The Wilder View

This Is What You Get When Policy Makers Become Complacent

The prospects for domestic demand in the US are not bright. The labor market barely generates jobs and fiscal policy is a drag. Americans are consuming; but there’s unlikely sufficient nominal income growth to stabilize consumption expenditure growth at current levels.

We’ve seen years where consumption growth outpaced income growth; but those periods of consumption were financed through leverage build – with financial conditions tight, the possibility of financing consumption outside the labor market is deteriorating (see the Banking and Finance section of the latest Fed Beige Book, not encouraging).

Consumption growth cannot outpace income growth indefinitely. Unless we get a true policy kick (by fiscal policy, admittedly), the cyclical recovery could be a thing of the past.

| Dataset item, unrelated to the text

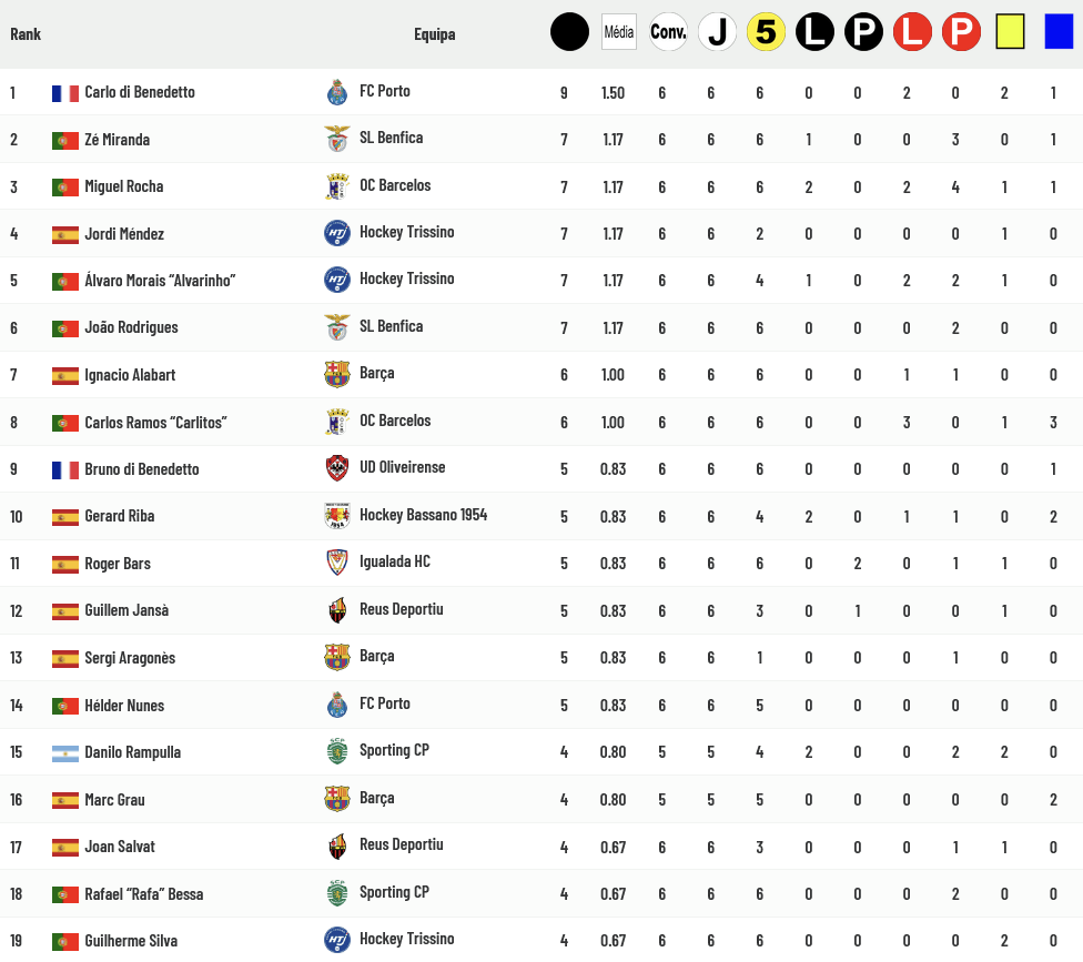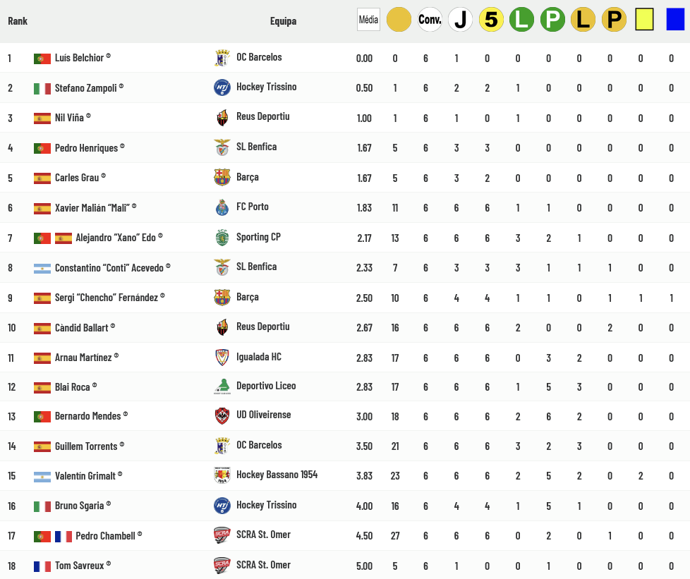 Luís Belchior é agora o único guarda-redes que ainda não sofreu golos (um jogo realizado) e Stefano Zampoli é o segundo da lista com 1 golo sofrido (média de meio golo sofrido por jogo). Nil Viña, Pedro Henriques, Carles Grau e “Xavi” Malián apresentam médias inferiores a 2 golos sofridos em cada jogo realizado…

That was nominal growth – in real terms and on a historical basis, the story is just as bad. Don’t let anybody tell you that real consumption growth. At 1.8% Y/Y in August is anything but miserable, especially given that its annual pace is 1 ppt below the long run average, 2.8% Y/Y. Long run real income growth is even worse at 2.5 ppt BELOW the long run average, 2.8% Y/Y.

Uh huh – yes, the US economy has definitely avoided the ‘recession scare’…right. As I see it, the problem with policy these days is not size nor level, rather complacency.

2 Responses to “This Is What You Get When Policy Makers Become Complacent”

rjsigmundOctober 22nd, 2011 at 8:59 pm

its not just PCE where declining incomes are a problem; lower incomes reduce government revenues at all levels; and without a stable income base, there cant be a firm floor under residential real estate either…the census report from a month ago showed median household income down 7.1% over the decade; that's a deep hole we have to get out of to even begin to advance…

Edward NelsonApril 25th, 2012 at 10:10 am

The lifetime achievement of Greenspan and Bernanke is really that they created a bubble in everything, everywhere. In fact, you have to ask what they were smoking during the housing bubble, as prices were increasing by 18% annually when interest rates started to steadily rise in 2004.